You have said you have not moved from your 2008 T4G talk on “race.” When I think of your recent writing it seems to me you have. Can you help me understand how it could be the case that you haven’t moved?

I wish I could convey his humble and honest tone in a blog post, because it’s a model for how you ask a question about a controversy.

Here’s my answer in a nutshell: The 2008 talk was a biblical theology on “race” arguing that there is only one “race” descended from Adam and Eve (Gen. 3:21; Acts 17:26). I absolutely believe that today. It’s what the Bible teaches.

But the talk was not a biblical treatment of racism. That would be an entirely different sermon, because unlike “race,” racism is real. I would have rooted racism in sins like pride, hatred, partiality, and a failure to love all expressed along the lines of “race.”

Chicken or Egg Question

Now, many people think that by dispelling the notion of “race” we thereby dispel (or at least make more difficult) any claims to racism. For them racism is what happens when we do bad things with “race.” They assume “race” comes first and racism perverts it. So if we could only get rid of “race” then we can be done with racism.

I actually don’t agree with this line of thinking. I think the opposite relation exists between “race” and racism.

First comes racism, then comes “race.” The idea of “race” is not the root of racism but the fruit of racism. “Race” is the debunked pseudo-scientific theory that racist philosophers and “scientists” made up to give racism legitimacy. Then racist thinking, covered in a patina of scientific credibility, worked its way into the bloodstream of white society and eventually nearly all societies. It became so dominant a way of thinking that both those who benefited and also those who suffered from racism adopted the theory and worldview. I am indebted to Fields and Fields in Racecraft: The Soul of Inequality in American Life for helping me see things in the opposite direction.

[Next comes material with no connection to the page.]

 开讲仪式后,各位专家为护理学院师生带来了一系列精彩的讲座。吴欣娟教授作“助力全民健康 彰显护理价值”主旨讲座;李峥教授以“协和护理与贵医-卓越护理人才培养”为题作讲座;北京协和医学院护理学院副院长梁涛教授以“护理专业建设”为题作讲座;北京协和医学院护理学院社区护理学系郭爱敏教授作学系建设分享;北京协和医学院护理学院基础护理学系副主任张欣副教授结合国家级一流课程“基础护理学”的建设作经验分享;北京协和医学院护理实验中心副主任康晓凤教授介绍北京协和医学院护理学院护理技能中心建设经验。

So, I do not write or speak about racism because I assume the reality of “race.” I write about racism because I see the reality of racism and want to pluck up that poisonous root. When you hear or read me decrying racism, do not think, Why must he bring up “race.” I hope you will think, How does he see racism—fear, prejudice, partiality, hatred, favoritism, and so on—at work?

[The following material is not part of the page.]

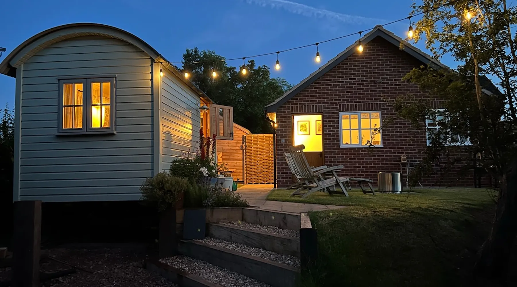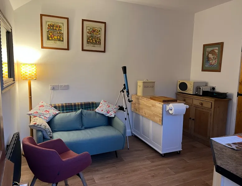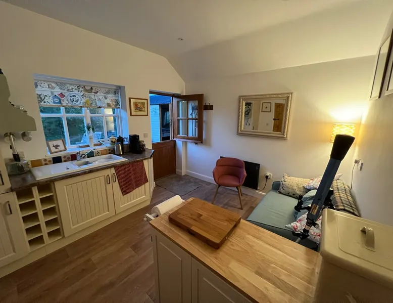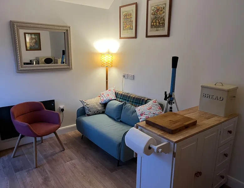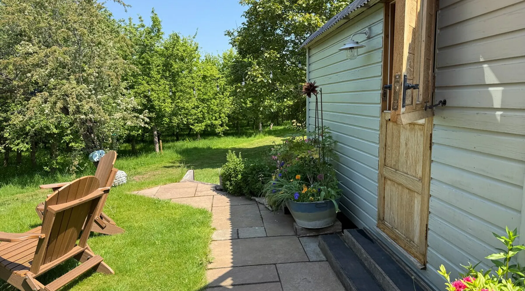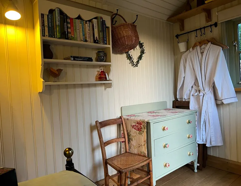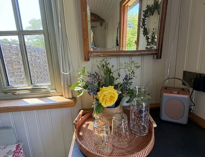 Wake up to the sound of birdsong in your sumptuous bed, feeling perfectly relaxed. In the evening, watch the stars appear shining brightly with the lack of light pollution, staying warm and cosy by the fire pit. Nestled on the fringe of an orchard on the edge of a working Cider Farm, our beautiful Shepherd Hut and Annex offer a romantic escape for two in The Wye Valley with everything you need for a relaxing break away from it all. The space Kate and Gary would like to welcome you to our own little corner of Herefordshire. We live close by should you need anything at all. Located in the Wye Valley in Herefordshire, on the edge of the Forest of Dean there are many places to visit only a short drive away. You may be in the countryside, but just a five minute walk to the village of Peterstow with a well stocked village Shop / Post Office, and the lovely Yew Tree Inn village Pub, which is also home to the Ross Cider Company. If you prefer to stay in, we have an excellent firepit and grill in your own little garden outside the hut. If delicious cream teas take your fancy, you can book one at Broome Farm which is just a five minute stroll from the hut or can even even be delivered to you! Takeaway deliveries are also available from various restaurants in Ross-on-Wye. Kitchen and bathroom facilities are located in the Annexe, just a short step away from your Shepherd's hut bedroom. Your own fitted kitchenette, with a large fridge freezer, air fryer, microwave, toaster, coffee machine plus a beautifully fitted shower room with a walk in shower. Towels provided. We have excellent free wi-fi and a Bose CD / Radio with cds provided of various genres plus books and games available. The hut itself contains a lovely double bed with all bed linen provided, plus two dressing gowns and a shelf of books for you to discover at your leisure. Try exploring the stars at night with our telescope. The galaxy can be amazing with the lack of light pollution in the dark skies of Herefordshire. You can stroll the orchards, take a picnic, or if you love to walk, there are many footpaths right on our doorstep. For the more adventurous, the Forest of Dean with its' World famous Mountain Biking tracks is only a short drive away. You could even try canoeing down the river Wye! Parking is available right next to the hut with an untethered charging point for electric vehicles and free charging during your stay. Guest access The Shepherd Hut & Annexe are all yours! Other things to note The Annexe is a separate private area with kitchen and bathroom facilities for your own personal use only. Remember to bring supplies as accommodation is on a self catering basis, although tea/coffee, milk, sugar and a few basic supplies are usually supplied . . The Solar panels on the roof of the building provide all your energy needs including hot water and heating. The EV Charger is automatically set to charge for six hours between 11:30am and 5:30am on our cheaper electricity tariff.

“Race” is a distraction, an illusion created by charlatans hiding their sin. Today many people, like audiences at a magic show, wittingly and unwittingly, participate in the racists’ parlor trick. But progress can only truly be made if we simultaneously reject unbiblical anthropology while calling out a real biblical sin. I am trusting that as intelligent readers and listeners you will hold together two complementary strategies simultaneously: the rejection of “race” as a biological reality, on the one hand, and on the other the identification and rejection of the real sins at the root of “race.”

The chicken racists of bygone centuries laid the egg of “race.” If we wring the chicken’s neck with confrontation and confession we won’t have to worry about their rotten eggs.